Charleston Post and Courier
August 1, 2000

The Navy’s high-tech engineering center at the Charleston Naval Weapons Station is developing computer software that will help civilian police talk to other agencies even when their radios use different frequencies and equipment.

On Wednesday, engineers from SPAWAR, the Space and Naval Warfare Systems Center, demonstrated the new software to law enforcement and EMS officials from the Charleston area.

They used Charleston County’s Emergency Preparedness Center in North Charleston to show how it works.

“This technology allows you to use the equipment you have now,” said David Neumann, a SPAWAR project engineer. “This is not going to be high-dollar stuff.”

Software Adaptive Advanced Computing is a term Neumann used to describe the new system that lets police computers quickly link different radios and wireless data transmitters.

Police, EMS and fire departments often can’t talk with each other or transmit and receive text and pictures over each others’ mobile computers.

Police cruisers nowadays are crammed with radios and cell phones in an effort to deal with the problem. Still, officers have trouble communicating.

The key to the new system is a personal computer interface card, or PCI, that SPAWAR engineers have helped develop for the military, Neumann said.

Once the card is inserted into most police computers and the software is installed, the dispatcher – or in some cases the officer in the field – can link several radios simply by calling up their names on a computer screen.

Neumann demonstrated the system by linking a Charleston County sheriff’s radio with a Hanahan police radio and a so-called family talk two-way radio that anyone can buy in a store.

Operators were able to carry on a three-way conversation even though each radio operated on a different pre-set frequency.

Charleston County Sheriff Al Cannon said he was excited about the new device.

Cannon said he would seek funding, possibly through federal grants, to install the system.

“We’re currently using a tri-county system that we installed with a $3 million grant that Sen. (Fritz) Hollings helped us get,” Cannon said.

But the system demonstrated Wednesday would help police communicate with even more officers and emergency personnel.

Police departments often work through the National Law Enforcement and Corrections Technology Center to identify new devices.

SPAWAR’s role, Neumann said, would be to “act as an honest broker” in dealing with contractors and vendors.

The new software also would let police and other agencies:

Transmit and receive images and written messages and documents.

Show the location of various units on a computer-generated map. This lets commanders move units quickly as situations change. Instantly record everything that happens during a traffic stop or arrest. Officers might even attach small video cameras to their uniforms, much as they now use mobile radio microphones attached to their clothes.

Mount Pleasant Police Chief Roddy Perry said he, too, was interested in the system, especially since a large number of officers and others could quickly be linked.

For example, “if you had a child abduction, you could multiply by 100 the number of eyes you would have in the field, looking for the victim,” Perry said.

Even taxi drivers and others who usually have no direct radio links with police could be called up in an emergency.

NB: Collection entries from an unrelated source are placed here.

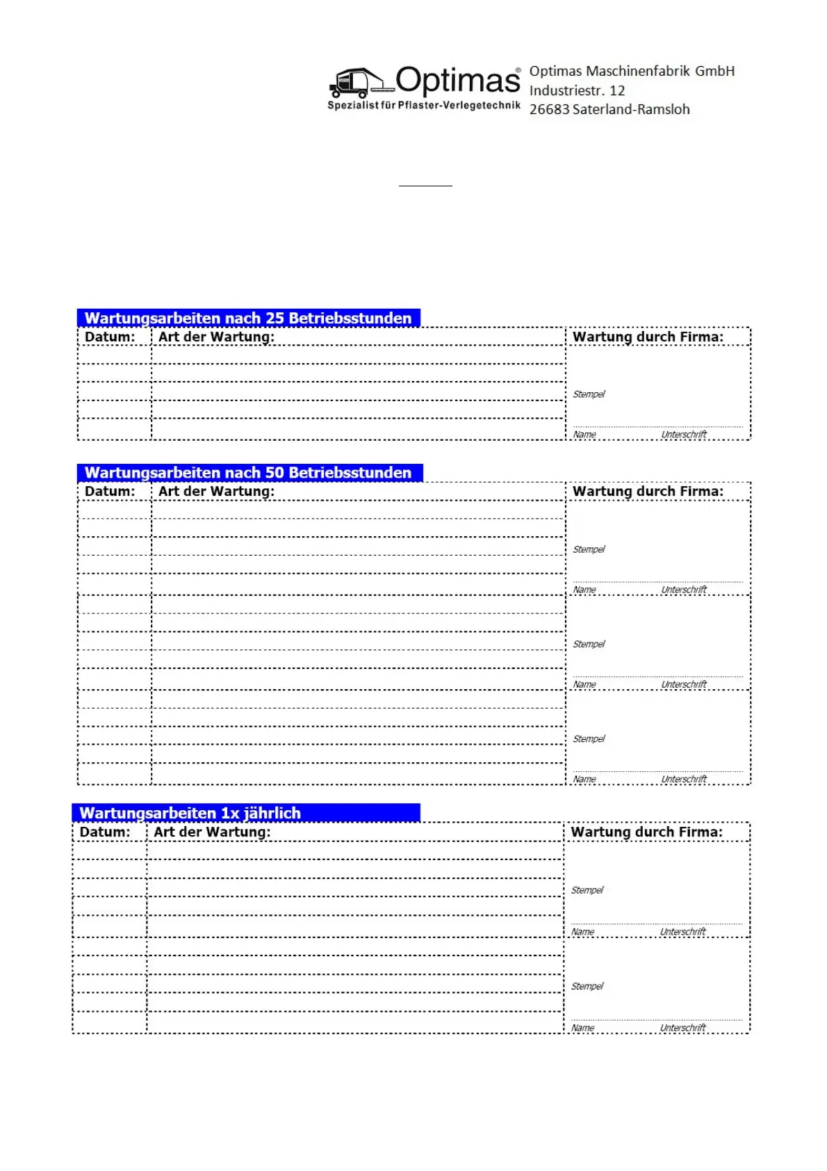 (In case of warranty claim, please add always copy of maintenance verivication)
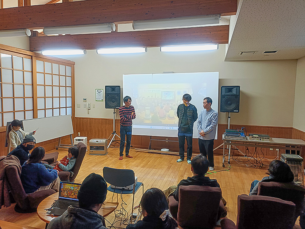 12月27日~29日の3日間で「ミニシアターがやってきた」と題して映画上映会をいわなの郷で開催し、30分程度の短編映画から100分程の長編映画まで、計17本のさまざまな映画の上映会を行いました。当日は、村内外から多くの参加者にご参加いただき、住民同士の交流機会の創出、地域の映画に対する機運も高まったものと思います。 また、交流プログラムとして、映画監督やプロデューサーなどの映画関係者との参加者交流会も実施し、川内村の情景や風土など、この地域ならではの魅力などにも触れつつ、地域住民との深い交流機会を創出することができました。
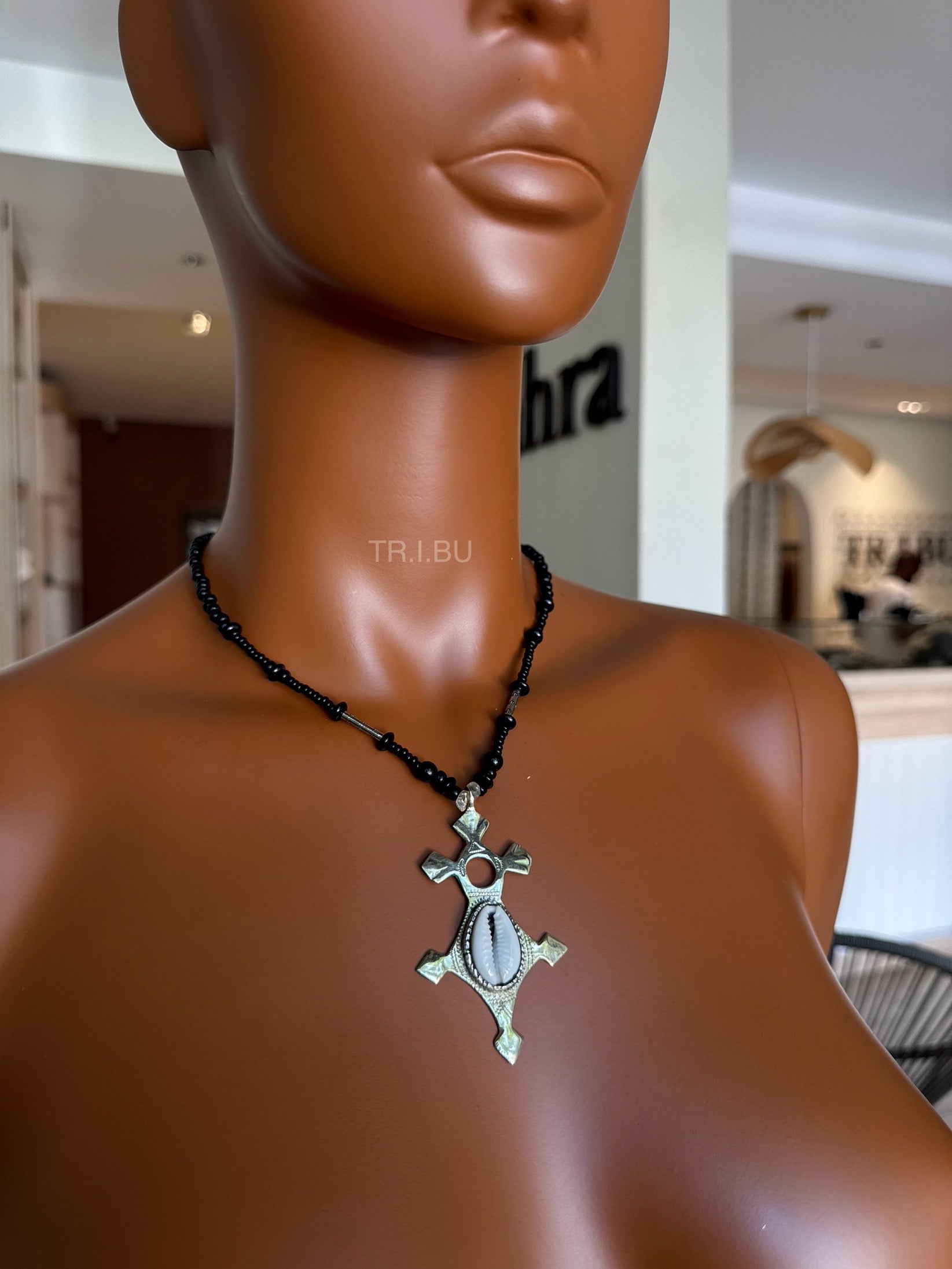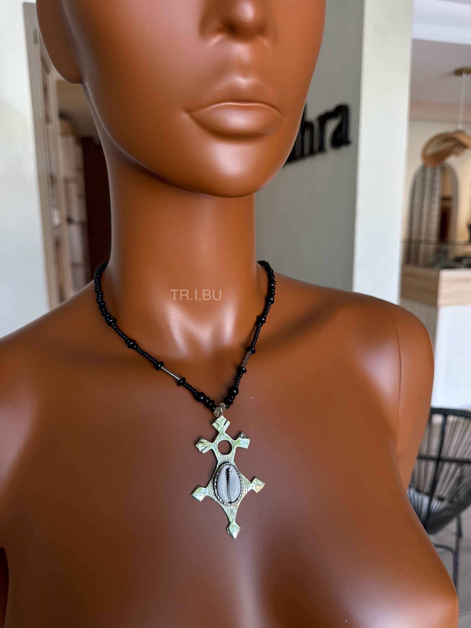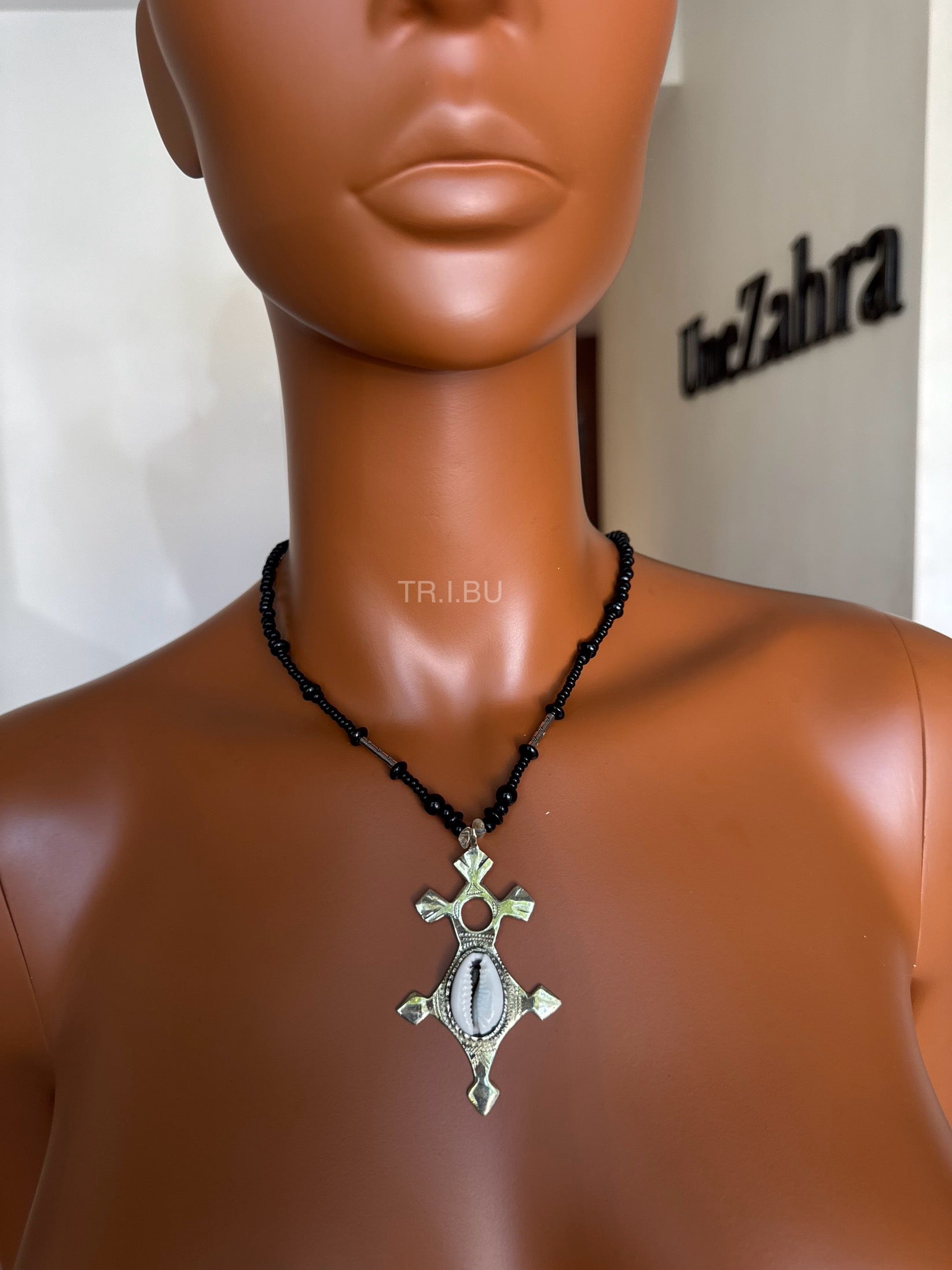 Collier en perles noires, orné d’une croix d’Agadez en métal argenté sertie d’un cauri, symbole de protection et d’héritage culturel.
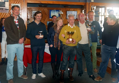 | 33 rd Pinatel Trophy - Nov 1st to Nov 3rd 2013 Report by Philippe Treanton - Photo Gerard Jourdas - Sailed at Cercle de Voile de Paris The 2013 Pinatel Trophy was held from November 1st to 3rd, gathering 22 crews from Finland, Germany and France represented by 5 different fleets. The race course offered various conditions from southerly light winds up to 15-20 knots westerly winds. The right side of the race paid with favorable wind and a strategic positioning at the marks. Congratulation to Uwe Hanneman and Anette Dahms from Germany who won the 33rd Pinatel Trophy by showing consistency in the 12 races. The winners are followed by crews Chaboud/Mercier, Rolland/Ozanne and Hardouin/Le Moing who all leaded temporary daily results. A special mention is also given to young skipper Victor Eonnet crewed by Philippe Guittoneau who started to demonstrate their talent by regularly showing in lead positions during races of this national event. Friday night, the participants appreciated the succulent tartiflette accompanied by white wine. Many thanks to the chef cook Roget Quenet. Saturday night was organized the traditional dinner party at the restaurant of the yacht club. Special thanks are addressed to participants Herve Godest and Olivier Guerin, Yacht Club President Francois Laborde and race committee Marie Therese Jourdas for their implication and the organization of this event.
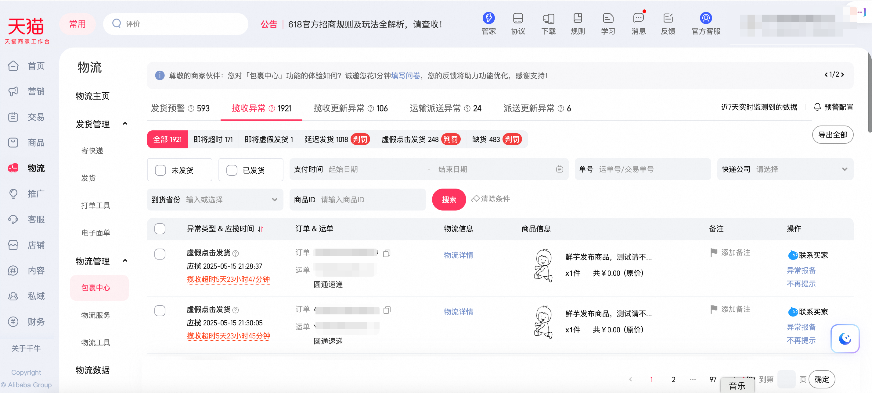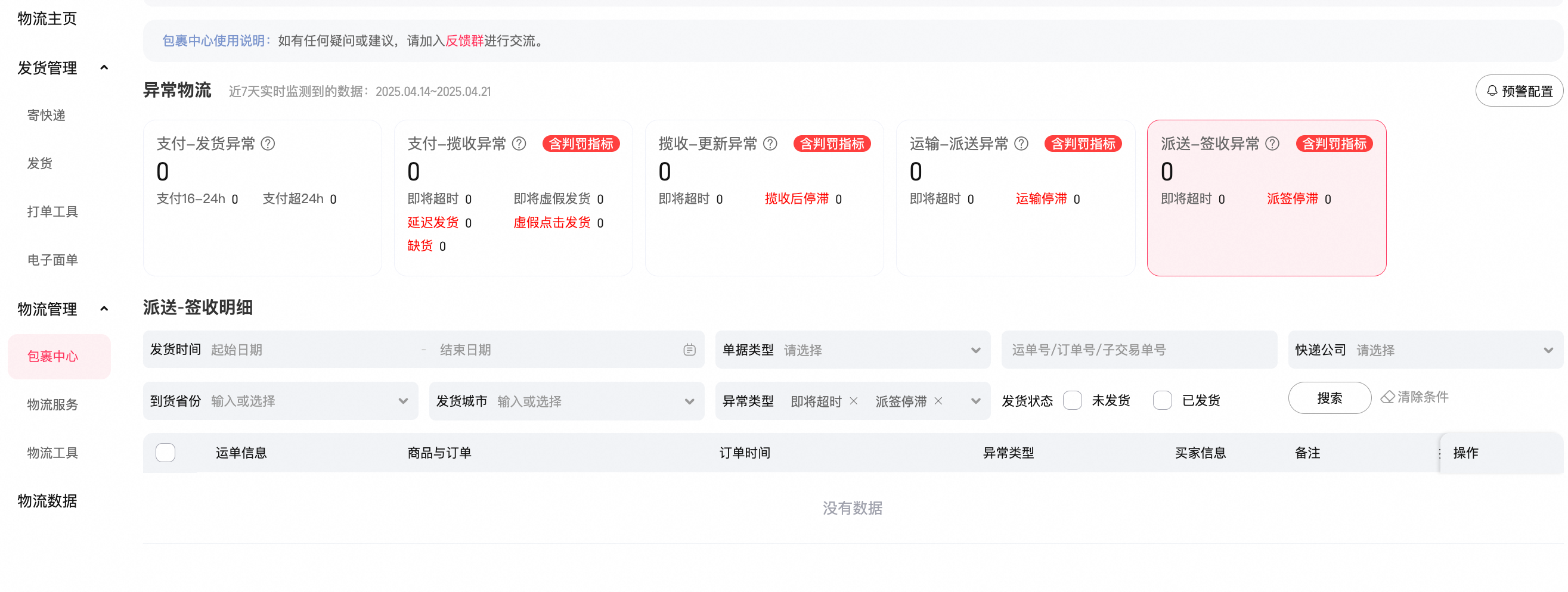 方式2:在【交易-物流管理-包裹中心】看到异常包裹明细,分析并定位原因,及时关注支付-发货异常、支付-揽收异常订单
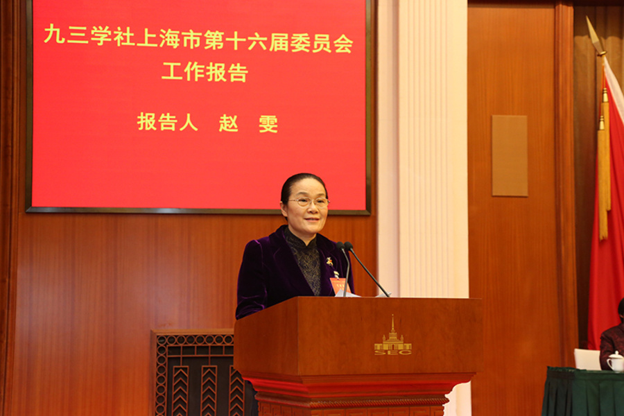 赵雯代表九三学社上海市第十六届委员会作了题为《不忘初心 砥砺前行 努力建设高素质参政党省级组织》的工作报告。
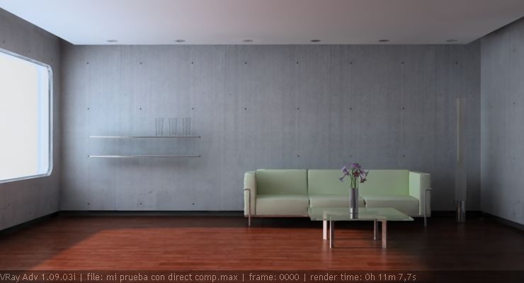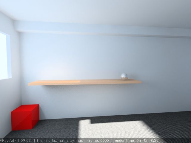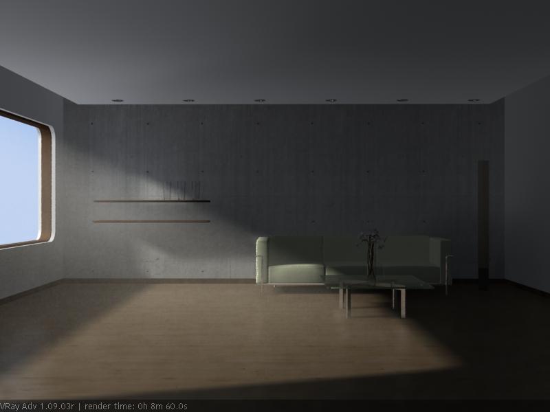 Hola a todos, llevo un mes leyendo el anterior mensaje de Dideje sobre iluminación interior y haciendo pruebas con Vray. Me he animado con la escena con la comenzastéis el mensaje (bueno, una adaptación personal) y no me convence mucho, sobre todo la apariencia granulada de las sombras. No sé si es por los samples de la Vray Shadow del sol o parámetros de calidad del irradiance o a.
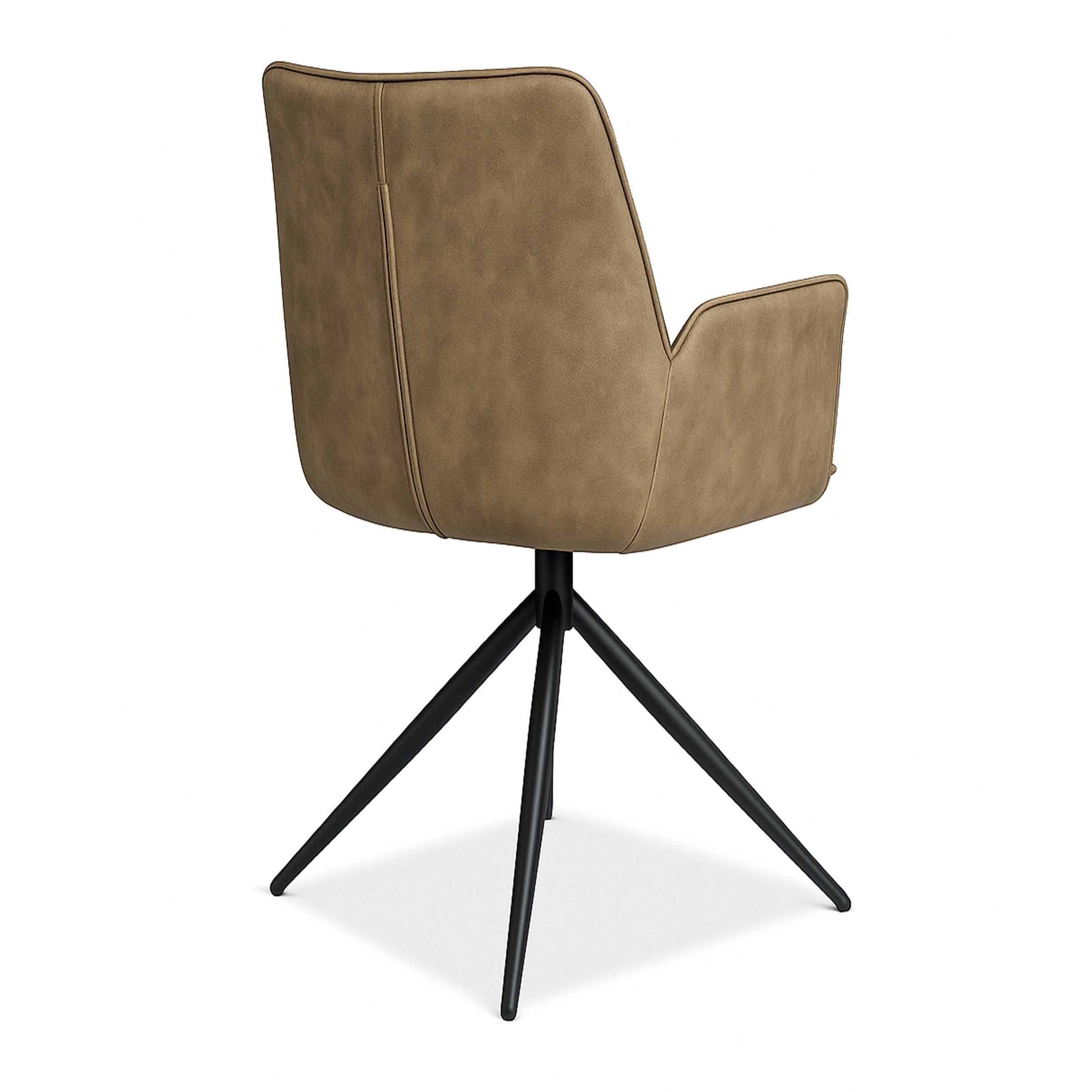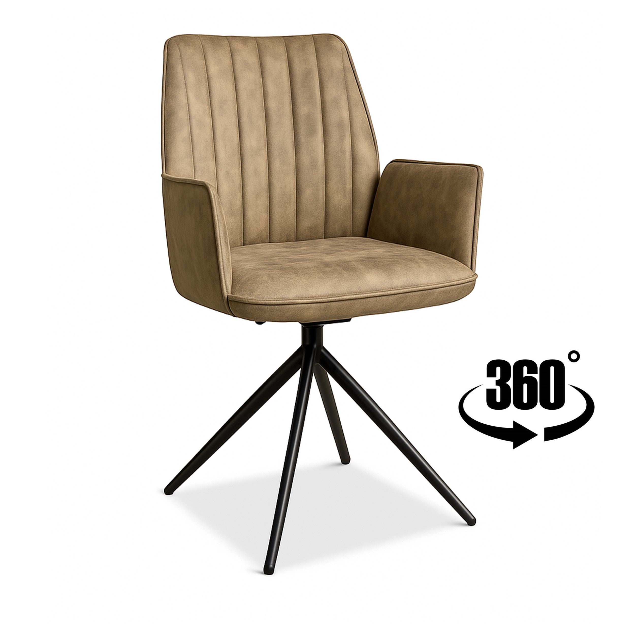 Eetkamerstoel Nautes combineert modern design met optimaal zitcomfort. De zachte microvezel bekleding in hunter geeft de stoel een luxe en warme uitstraling, terwijl het zwarte metalen onderstel zorgt voor een stevige en stijlvolle basis. Dankzij het 360° draaimechanisme geniet je van extra gemak en bewegingsvrijheid aan tafel.
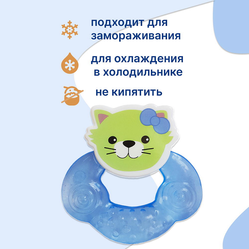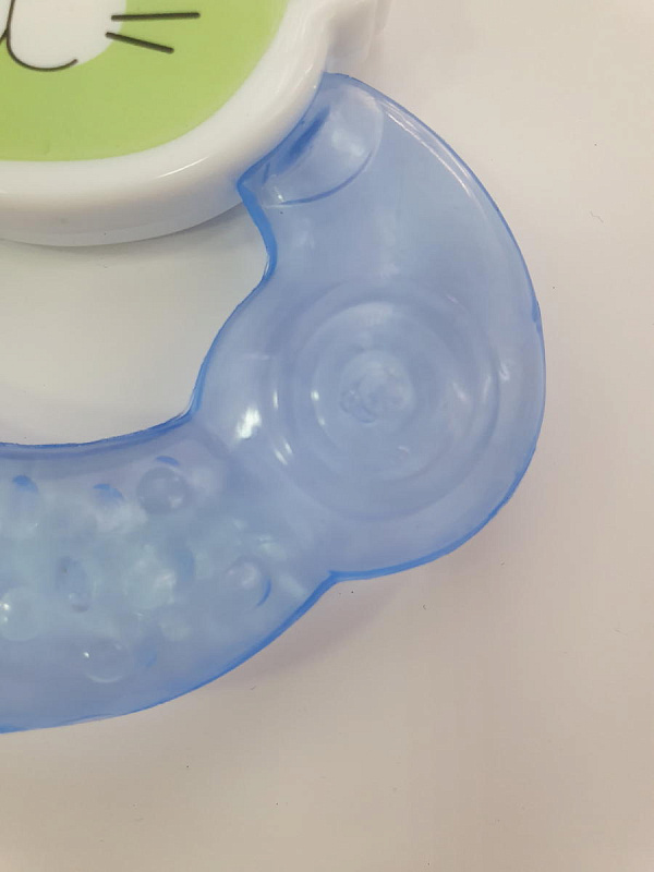 Прорезыватель заполнен дистиллированной водой, которая обеспечивает анестезирующий эффект, если предварительно охладить прорезыватель в холодильнике (не более часа.)

The new software also would allow agencies to encrypt, or scramble, their radio messages.

That could be a drawback for people who use scanners to listen to emergency radio calls. Encrypted messages likely would sound like static on receivers not equipped to decode them.

Neumann said SPAWAR would limit distribution of the software to law enforcement and other agencies that handle emergencies. And, he said, the Navy would take steps to make sure that computer “hackers” couldn’t invade the system.